Configuration Framework

How it was done

Traditionally, Pustefix used simple Java properties for configuration. These properties were simply passed to all components needing configuration, so that they could read the properties needed to configure themselves. As writing large property files can be quite awkward, some XSL templates were provided, which could be used to build these property files automatically from XML files with a custom configuration syntax.

How it is done now

This approach proofed to have two major problems: On one hand configuration files had to be regenerated manually whenever the configuration was changed. On the other hand keeping track of all the properties used in the framework became more and more difficult while the framework was growing.

Therefore a new configuration system was built using configuration objects that are passed to the components of the framework. The XML files are now read directly using Apache Digester removing the need to build the configuration files repeatedly.

How it should be done in the future

Although this configuration system has worked well for a quite a while, now it is time to replace it with a new, more flexible approach for different reasons:

1. Apache Digester is SAX based and therefore its capabilities are limited when it is used to parse a complex configuration syntax using nested elements.
2. The way new configuration elements are added to an existing digester infrastructure is inflexible and error-prone due to the lack of XPath support.
3. The namespace support of Digester is very limited, thus it is virtually impossible to create a modular configuration syntax.

All these reasons are major issues in our effort to make Pustefix more modular and IoC-capable. Therefore a new configuration system has to be build that at least complies with the following requirements:

• Configuration modules should be plug-ins which can be added to an existing infrastructure without the need of recompilation of existing code.
• The configuration system should provide full XPath and namespace support.
• Any configuration module should have access to the full document tree (using DOM or JDOM).
• Different configuration modules should be able to cooperate and depend on each other.
• Configuration modules should be able to delegate the processing of parts of their configuration to the framework, thus new configuration modules could even extend sub sections of parts parsed by other modules.
• Configuration objects created and configured by the various modules should use an abstraction level to provide a common base for cooperation between modules and further configuration processing.

In addition to that requirements there are "nice to haves" which are not absolutely needed but should be implemented if possible without much extra work:

• Configuration modules should provide a descriptor which contains all information needed to decide, when a specific configuration module is needed. By this means the overhead needed to load unused classes can be minimized.

Here is a first idea for the interfaces of the configuration framework:

The configuration is interpreted by different modules, which have an module descriptor (probably read from an XML file). This descriptor tells the configuration framework which parts of a configuration are read by a certain module.
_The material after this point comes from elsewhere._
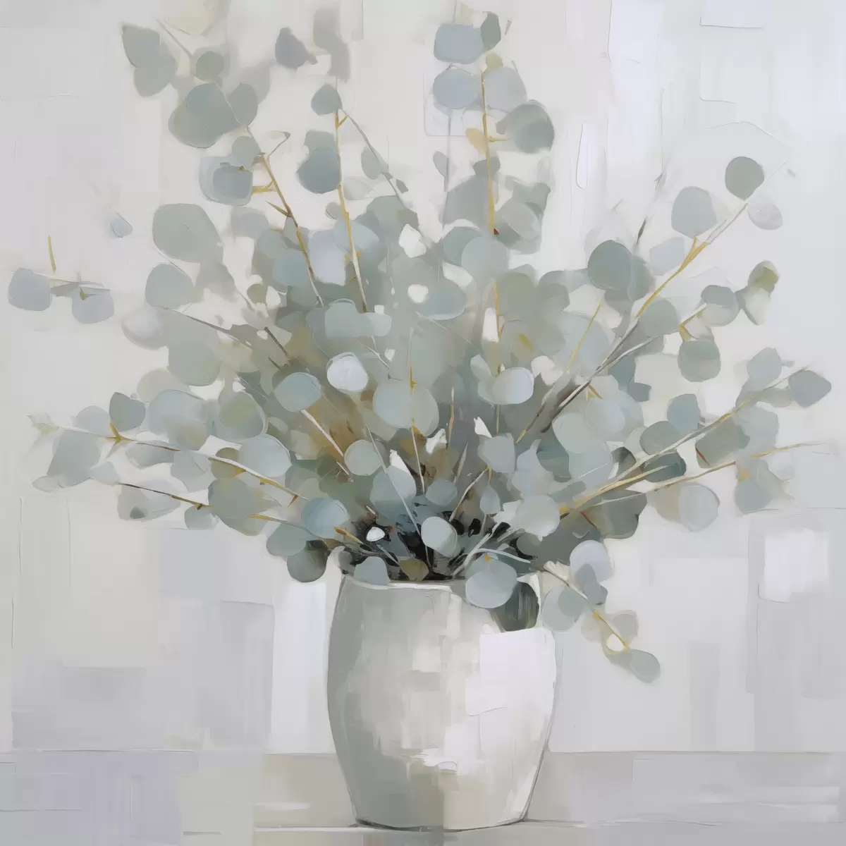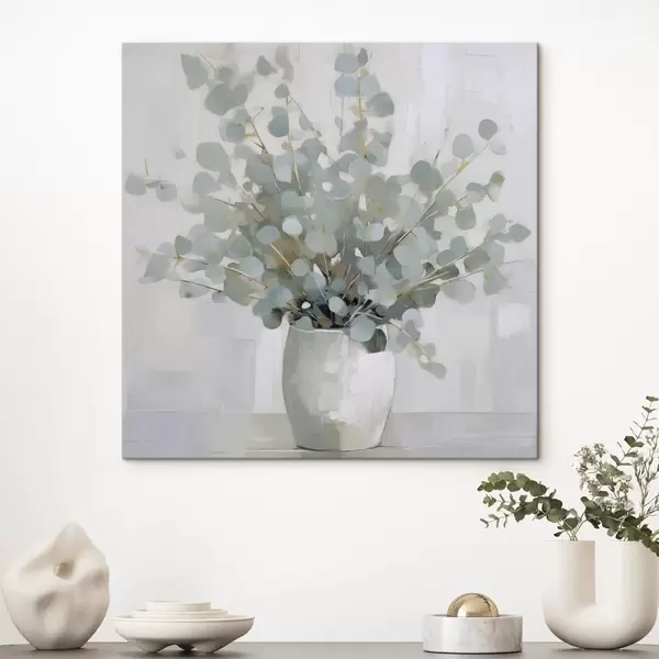 Schilderij Eucalyptustakken in een vaas, imitatie schilderij Art. s46713

The reading process has several (partly recursive) steps:

1. The whole document is read. All XPath expressions provided by the module descriptors are evaluated and the result is cached. All rules provided by the deployment descriptors are checked for cyclic dependencies. If a cyclic dependency is detected, an error is reported.
2. The reader creates a root ConfigurationNode object, looks for a rule matching the root element and calls the corresponding module.
3. The module reads information from the DOM tree and creates corresponding configuration objects that are registered with the ConfigurationNode object. The module delegates the reading of sub-elements, it cannot process itself back to the reader using the ConfigurationReaderContext object.
4. The reader looks for rules matching the nodes and calls the corresponding modules. If the node is an element, a new ConfigurationNode is created and set as the context node before calling the module(s).
5. Proceed with step 3.

Configuration Process

The complete configuration process has three steps:

1. Read the configuration file, create configuration objects (see above).
2. Validate the configuration object structure (optional)
3. Transform the configuration object structure to the application object structure.

The first step is rather easy and has been depicted above. The second step is even easier, as it does not have to be implemented by a module.

The third step however, can be rather complex: In a complex system configuration objects might contain information about how to handle other configuration objects. In other words the semantic of the configuration might be determined by the configuration itself.

However, the configuration of a specific object does not have to be that complicated. In most cases the structure is well-known and the transition from configuration to application objects can be easily performed.

Thus, there is a good migration path from the old configuration system to the new one: The current rules / configuration object scheme can be easily mapped on step one of the new concept. Step two is optional, so it can be omitted. Step three can be implemented by creating the application objects in a hard-wired way, using the configuration objects from step one.

This configuration model is flexible, so it can be used as a base for the new IoC-support. On the other hand it provides a good compatibility layer for legacy configuration formats and code.